Bidding began Sunday on eBay and continues into Friday evening. Most of the big bids tend to arrive late in the auction. The previous four winning bids have all exceeded $2 million with new records set every year. Last year, Mr. Weschler paid $2,626,411. He did not respond to a message last week.
“It’s gone way, way, way beyond my expectations,” Mr. Buffett said. “We’ll see what happens this year.”
Besides his business success, Mr. Buffett’s philanthropy is also a draw for bidders. Mr.

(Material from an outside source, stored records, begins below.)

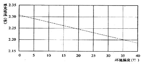 在電源系統(tǒng)中,電池總是在線備用工作的,這樣電池基本處于長期的浮充狀態(tài)中,浮充電壓的選取對電池的長期可靠運(yùn)行起著至關(guān)重要的作用。正如前面看到的,偏高的浮充電壓會造成電池緩慢失水并產(chǎn)生熱失控而使電池失效;偏低的浮充電壓會造成電池長期處于充不飽電的狀態(tài),使電池發(fā)生硫酸化而導(dǎo)致電池失效。正確的浮充電壓一般應(yīng)選在2.23V-2.25V/單體,并應(yīng)隨同電池工作溫度進(jìn)行相應(yīng)調(diào)整。由于電池生產(chǎn)廠家的不同,這一參數(shù)會有一些差異,應(yīng)嚴(yán)格按照廠家提供的參數(shù)選取。圖1是某廠家電池浮充電壓同溫度的關(guān)系曲線。
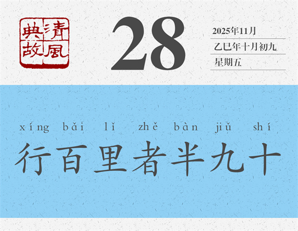 后人即以“行百里者半九十”為典,比喻做事情越到最后越困難,越接近成功越要認(rèn)真對待。黃庭堅雜言詩《贈元發(fā)弟放言》:“虧功一簣,未成丘山。鑿井九階,不次水澤。行百里者半九十,小狐汔(qì)濟濡其尾。故曰時乎,時不再來。終終始始,是謂君子。”全詩幾乎都在闡釋“行百里者半九十”。其中還用了《周易》中的一個比喻:小狐貍過河時,幾乎就要過去了,但因為拼命掙扎,還是弄濕了尾巴。
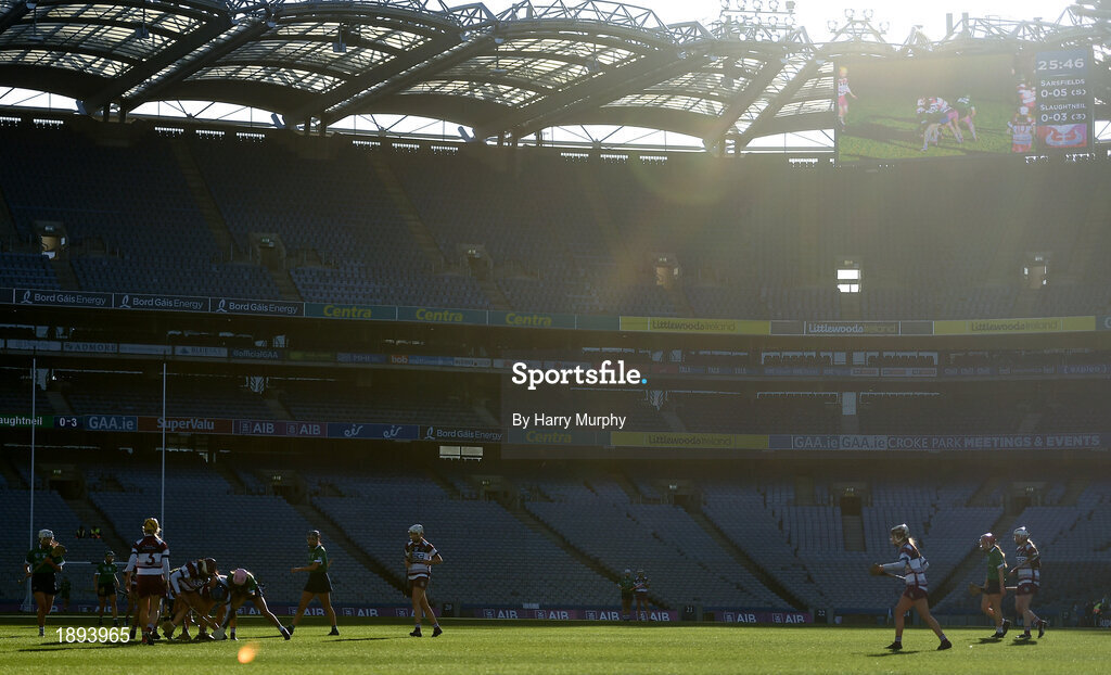 1 March 2020; A General view of match action during the AIB All-Ireland Senior Camogie Club Championship Final match between Sarsfields and Slaughtneil at Croke Park in Dublin. Photo by Harry Murphy/Sportsfile

Buffett has slowly given away the bulk of his fortune since 2006. The plans are to eventually divide most of his shares of Berkshire stock between five charitable foundations, with the largest chunk going to the Bill & Melinda Gates Foundation.
Mr. Buffett and Mr. Gates have also been encouraging other wealthy people to give away at least half of their fortunes. Nearly 80 of the nation’s wealthiest families have signed the pledge.
The auction provides a significant portion of the Glide Foundation’s roughly $17 million annual budget. Mr. Buffett’s late first wife, Susan, introduced him to Glide’s founder, the Rev. Cecil Williams, after she became a supporter of the charity.
Mr. Buffett said he was impressed by the work Glide does in helping people for whom the world has forgotten to find hope again.
“I just think what they do is extraordinary,” Mr. Buffett said.
“He let us know that he was going to make sure things will work,” Mr. Williams said. “We’re just very excited about it again this year.”
Mr. Buffett has said that his prostate cancer was detected early and isn’t remotely life-threatening. He plans to undergo six weeks of radiation treatments starting in mid-July.